DATA TO EXAMINE.
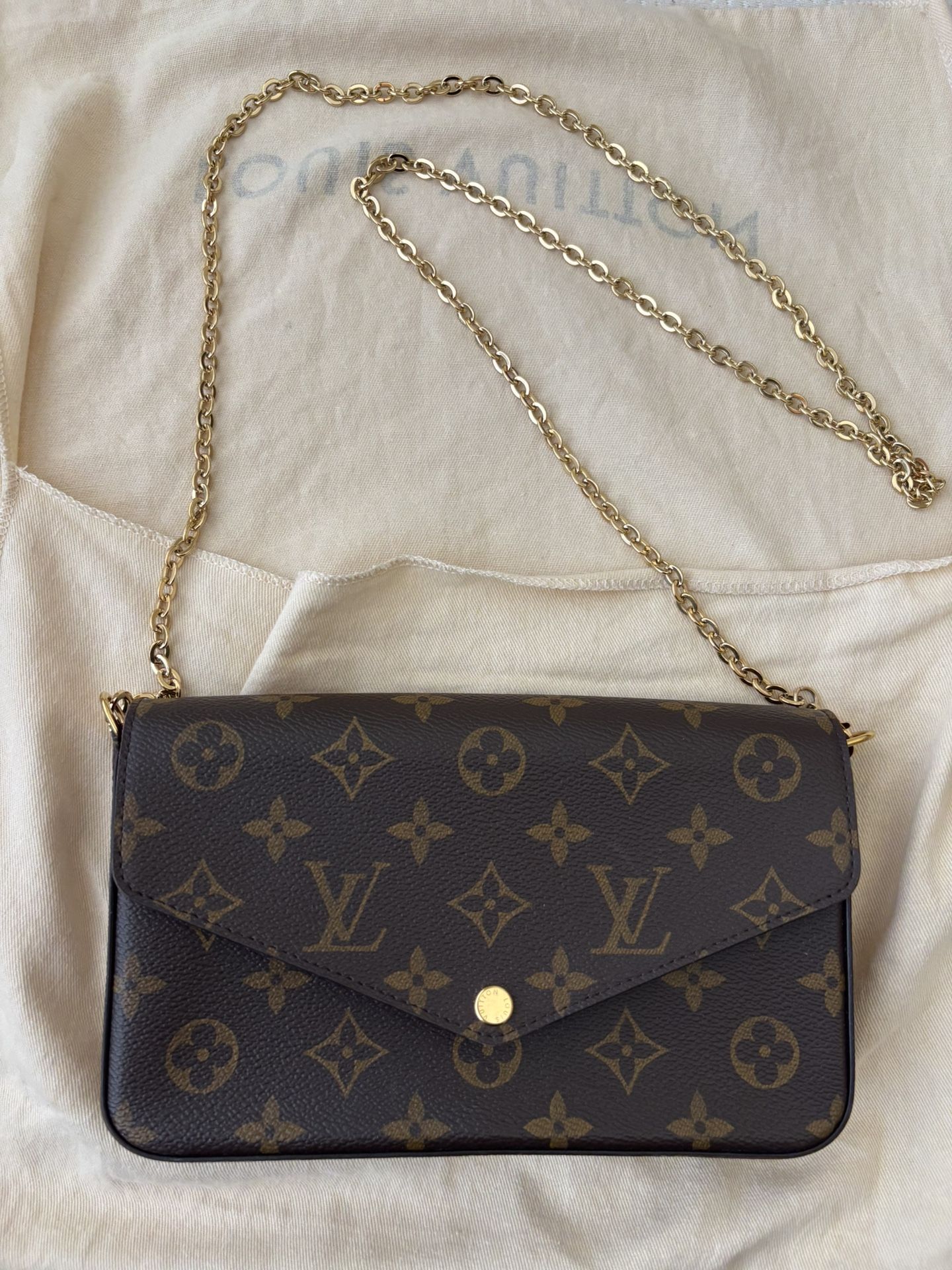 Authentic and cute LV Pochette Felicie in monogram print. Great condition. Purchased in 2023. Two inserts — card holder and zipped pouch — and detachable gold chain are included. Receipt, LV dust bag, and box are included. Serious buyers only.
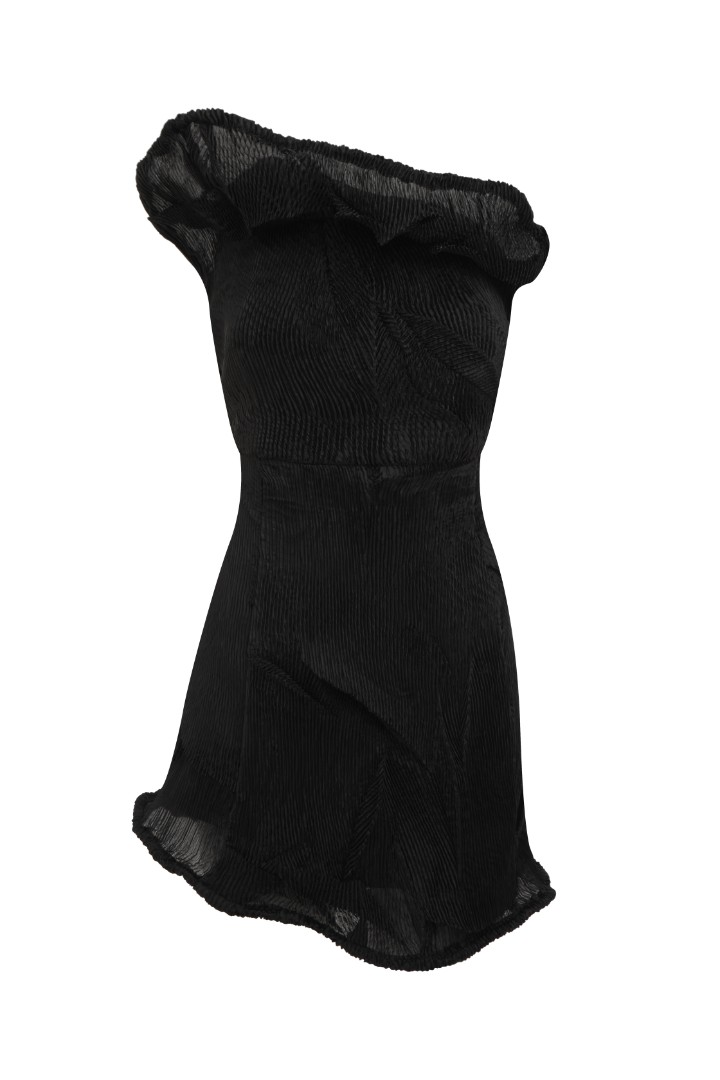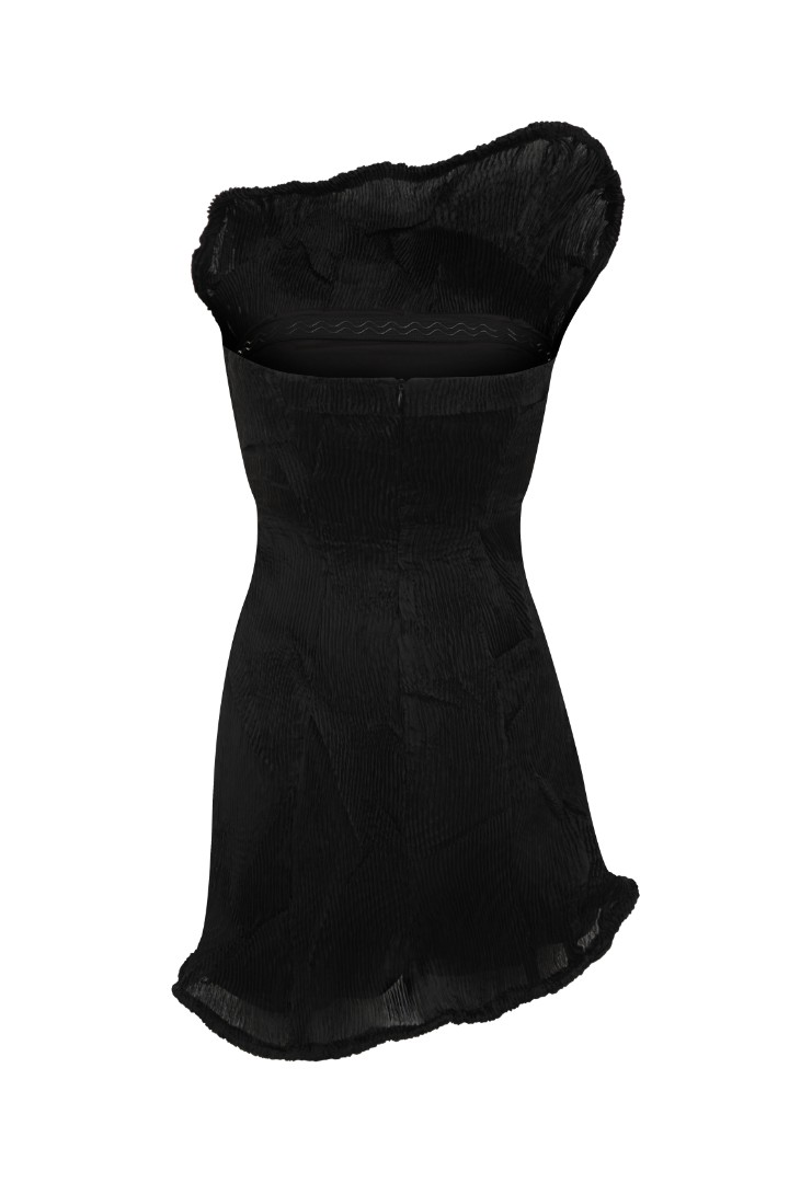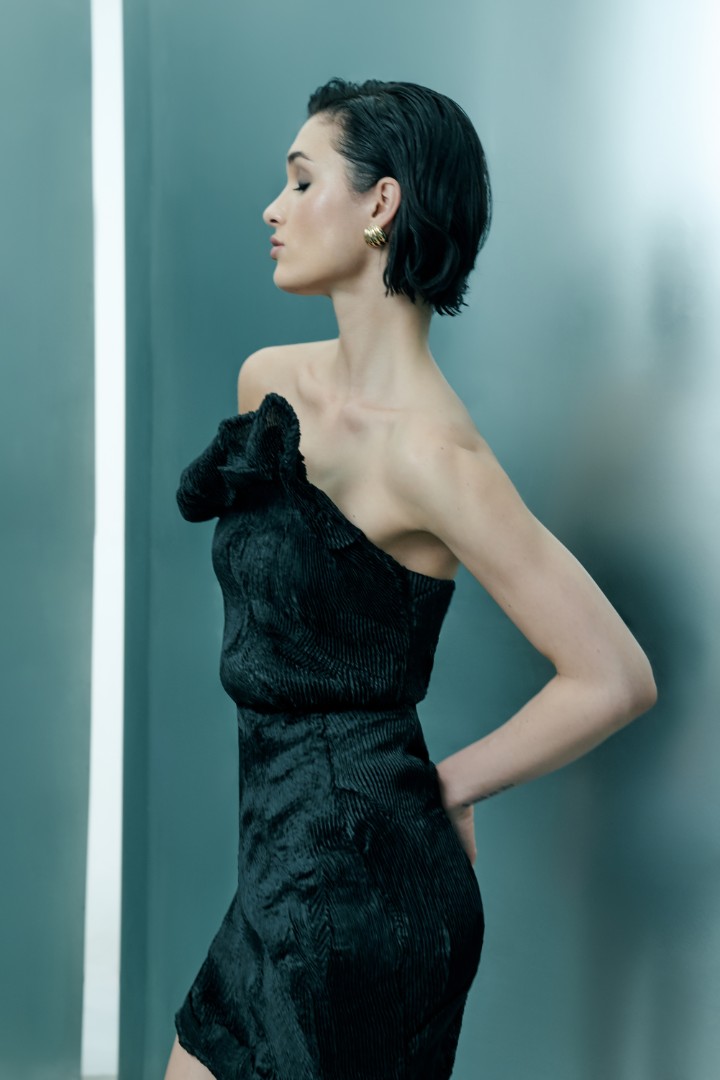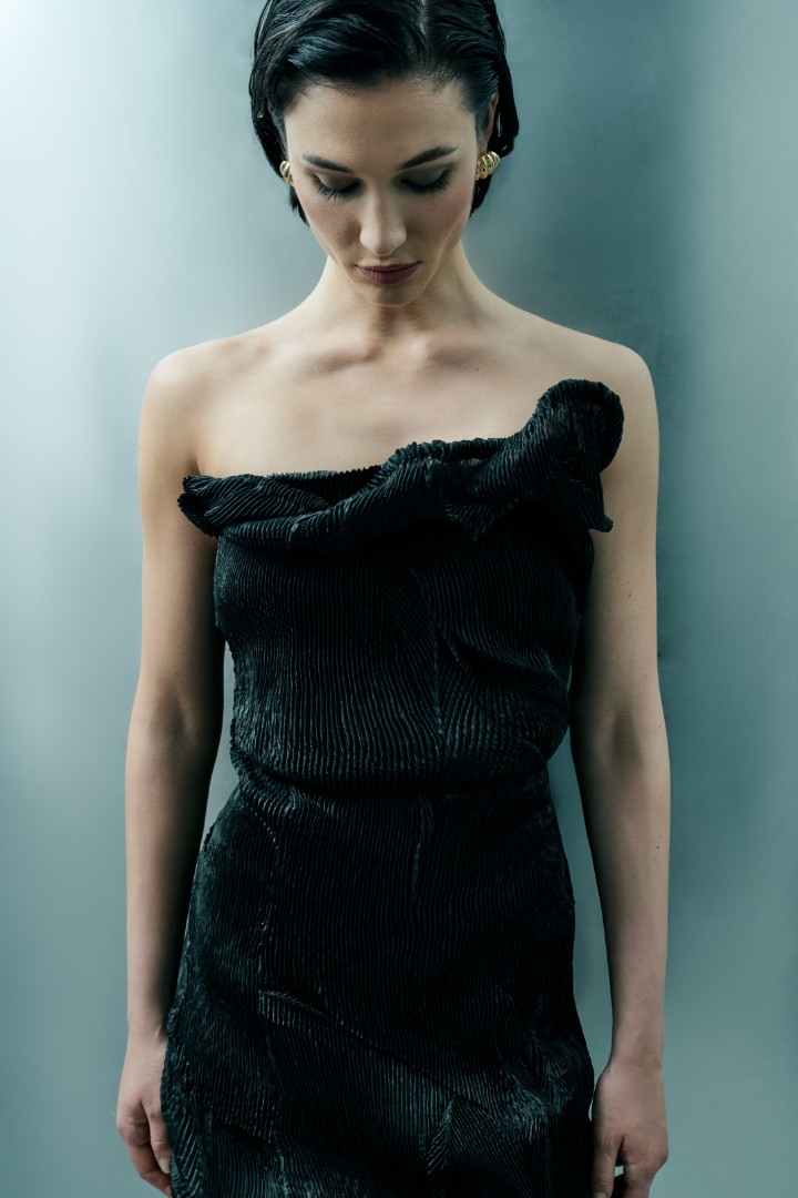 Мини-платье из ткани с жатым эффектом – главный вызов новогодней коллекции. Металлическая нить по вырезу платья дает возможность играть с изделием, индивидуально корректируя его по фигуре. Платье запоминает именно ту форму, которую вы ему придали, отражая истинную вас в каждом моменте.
--
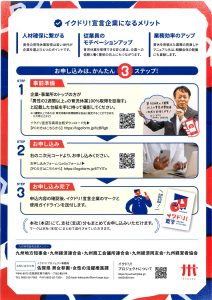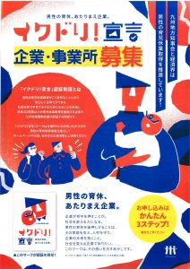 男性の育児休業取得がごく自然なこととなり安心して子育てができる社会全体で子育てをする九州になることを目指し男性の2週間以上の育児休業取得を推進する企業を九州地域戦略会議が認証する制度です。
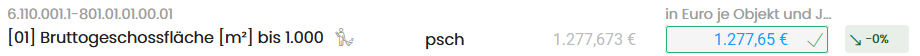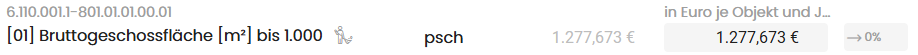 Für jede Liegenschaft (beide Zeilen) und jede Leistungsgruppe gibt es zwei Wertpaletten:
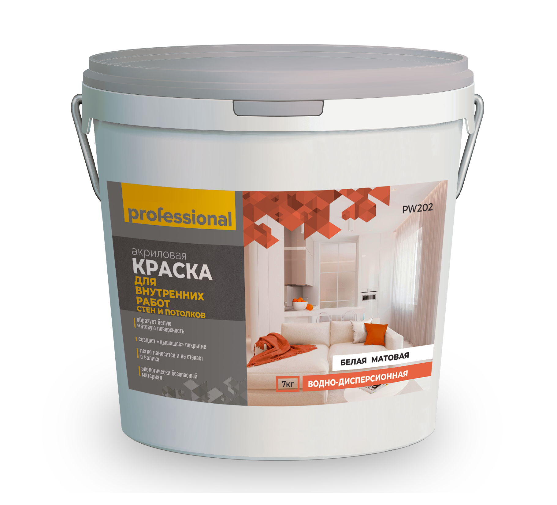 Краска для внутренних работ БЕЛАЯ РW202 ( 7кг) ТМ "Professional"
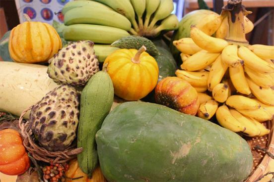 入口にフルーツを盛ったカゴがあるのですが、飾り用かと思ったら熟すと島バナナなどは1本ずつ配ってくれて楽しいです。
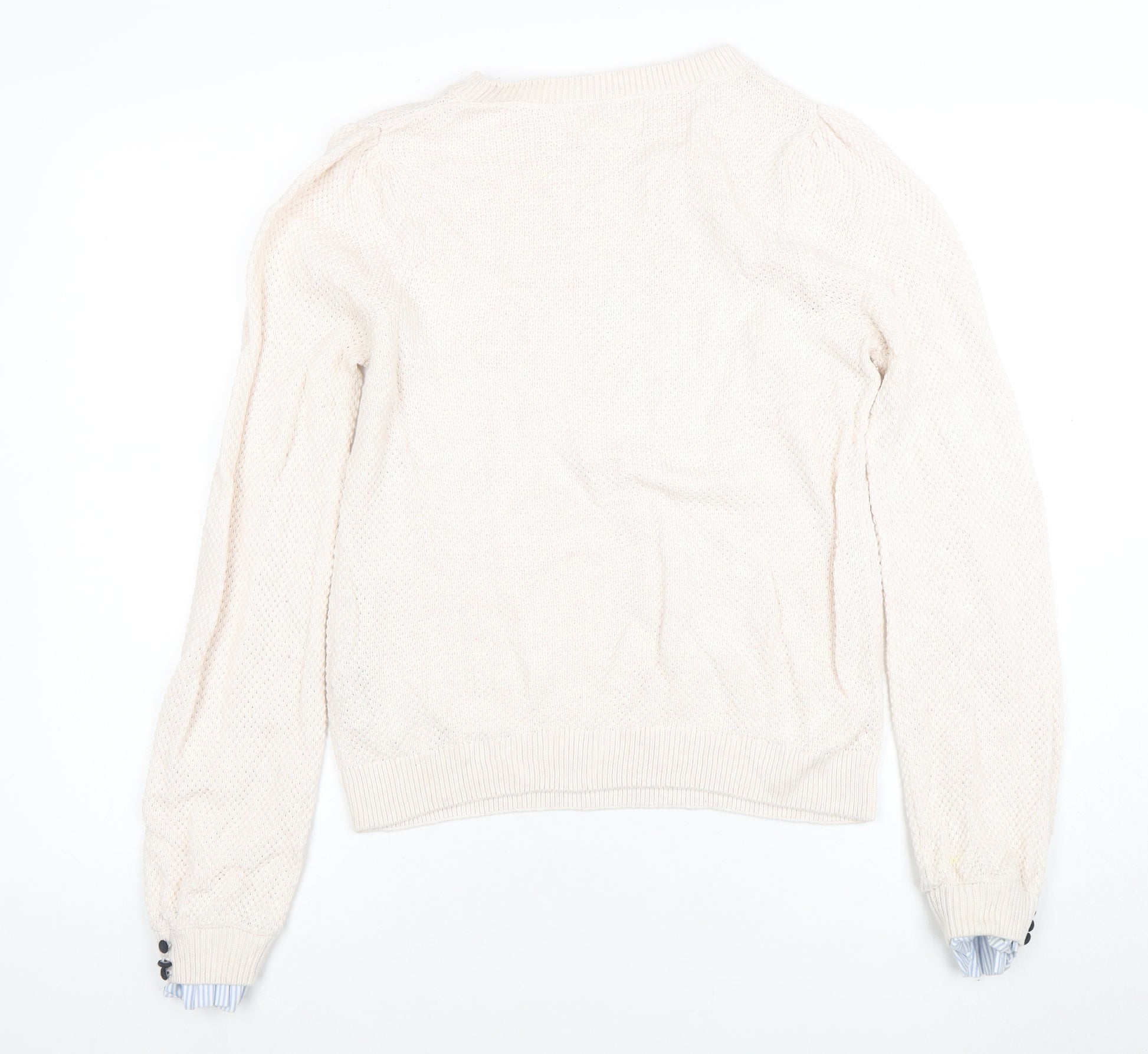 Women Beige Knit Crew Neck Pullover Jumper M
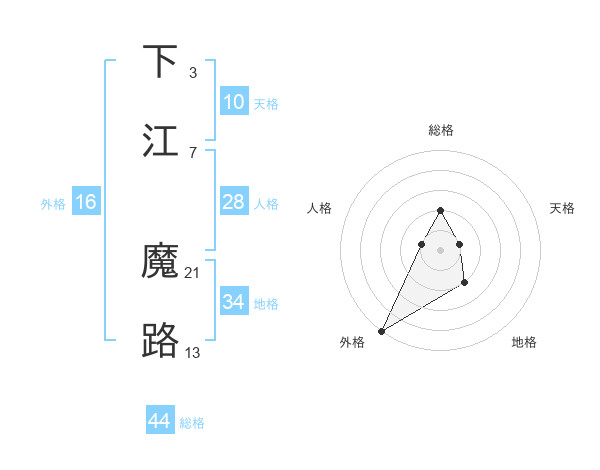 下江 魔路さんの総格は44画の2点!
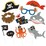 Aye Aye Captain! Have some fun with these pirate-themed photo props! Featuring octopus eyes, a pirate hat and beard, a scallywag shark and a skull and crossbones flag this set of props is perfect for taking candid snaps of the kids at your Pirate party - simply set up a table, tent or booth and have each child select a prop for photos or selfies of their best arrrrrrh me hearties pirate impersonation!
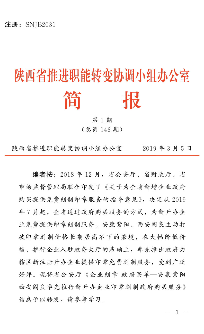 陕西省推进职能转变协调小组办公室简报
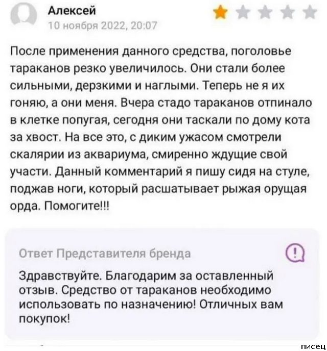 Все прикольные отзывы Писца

PROBLEM TO WORK ON. From the data above, return only the lines starting at the line that holds "Authentic and cute" and ending at the line that holds "Мини-платье из ткани", word for word and without pictures.

RESULT.
 Authentic and cute LV Pochette Felicie in monogram print. Great condition. Purchased in 2023. Two inserts — card holder and zipped pouch — and detachable gold chain are included. Receipt, LV dust bag, and box are included. Serious buyers only.
 Мини-платье из ткани с жатым эффектом – главный вызов новогодней коллекции. Металлическая нить по вырезу платья дает возможность играть с изделием, индивидуально корректируя его по фигуре. Платье запоминает именно ту форму, которую вы ему придали, отражая истинную вас в каждом моменте.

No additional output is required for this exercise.